Focus on tribology studies of casting aluminium alloys, systems such as AlSi and AlSiCuMg(X) [25–27] are the most studied. In high silicon aluminium alloys, in general, the wear mechanism variates from ductile delamination, abrasive, and brittle delamination to ploughed abrasive wear by increasing the load [28]. Abrasion and oxidation are the dominant wear phenomena in the mild wear regime, but not always. Delamination, adhesion, and severe plastic deformation are the dominant in the severe wear regime in AlSi9Cu3 HPDC alloys [23]. Delamination has been related with the removal of large wear particles through the plastic deformation of the surface layer which occurs by subsurface crack nucleation followed by crack propagation [29,30]. This mechanism is particularly evident at elevated temperatures, where subsurface separation forms transfer layers that adhere and increase the coefficient of friction [31]. Additionally, it has been reported that the wear rate at high temperatures is ten times greater than at room temperature [32]. Under these conditions, a scuffing mechanism can occur, involving severe plastic deformation, material and layer transfer and accumulation. During high temperatures the adhesion between the layers can decrease, facilitating the delamination.
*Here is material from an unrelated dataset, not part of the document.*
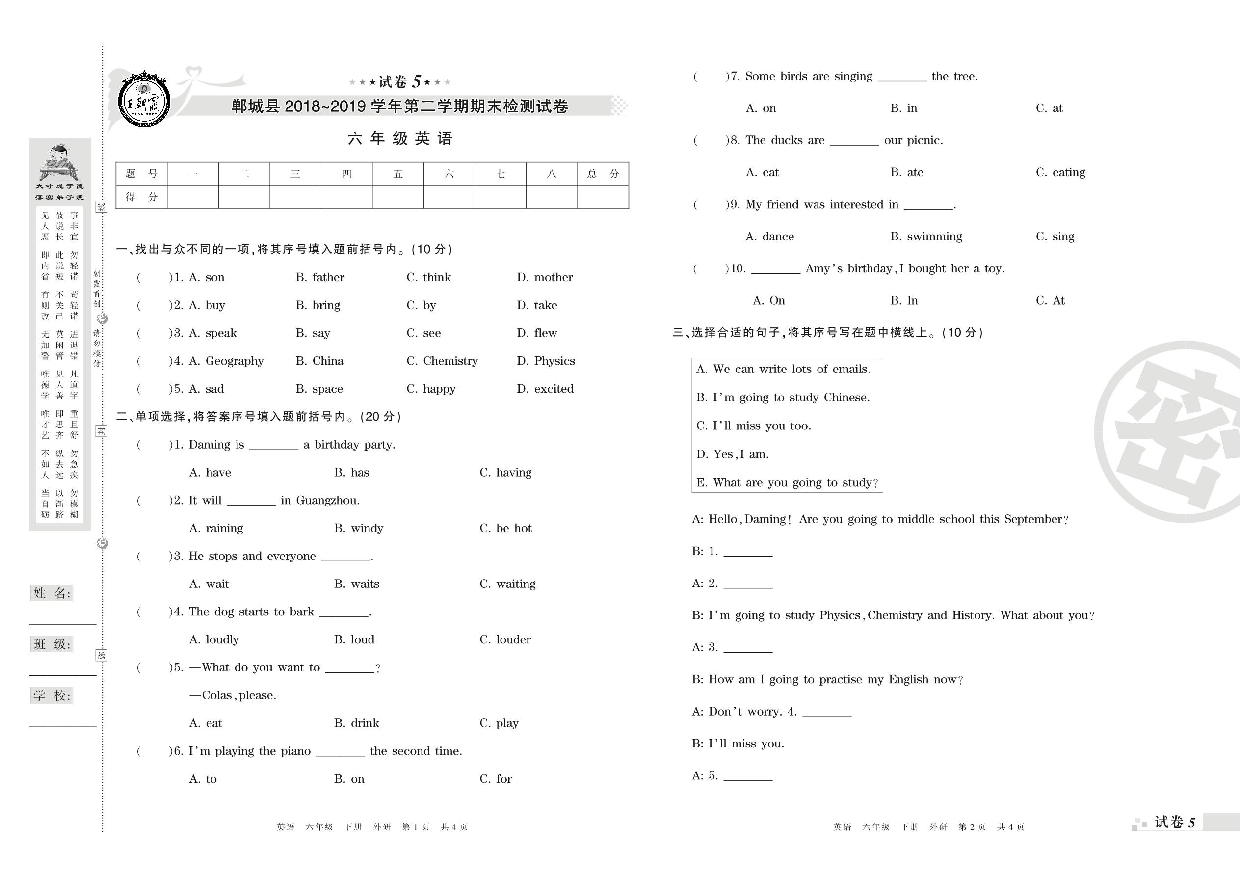 2018-2019学年第二学期周口市郸城县六年级英语试卷(外研版)【5】
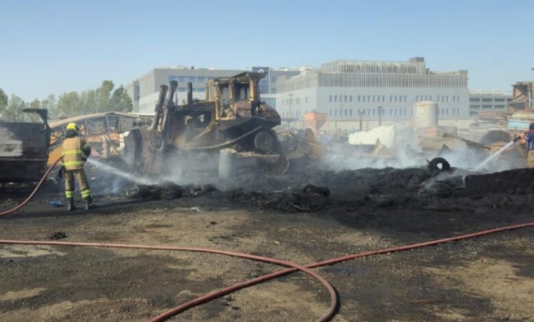 السيطرة ل حريق شاحنات ومهملات في سكراب أمغرة

In some works, the wear mechanism changes with temperature from delamination to partial abrasive wear at RT to plastic deformation and oxidative wear (with plastic relaxation mechanisms becoming dominant) over 150 °C [33–36]. In the AlSi9Cu3 alloy, the hardness decreases, and also the mechanical and wear properties, because of the precipitation of different phases [23,24]. The wear rate is much higher at temperatures higher than 150 °C than at RT, but it does not have a linear proportionality with temperature, with a significant increase at about 200 °C. The increase of temperature of the wear test, in AMCs and aluminium alloys promotes higher compactness and higher average resistance of the surface layer, accelerating the oxidation of particles. If a surface layer is formed before the surface layer breakdown, the wear rate is reduced [6]. But if the surface layer is not compacted, the superficial particles are removed, the surface is damaged and delamination occurs, increasing the wear rate [23].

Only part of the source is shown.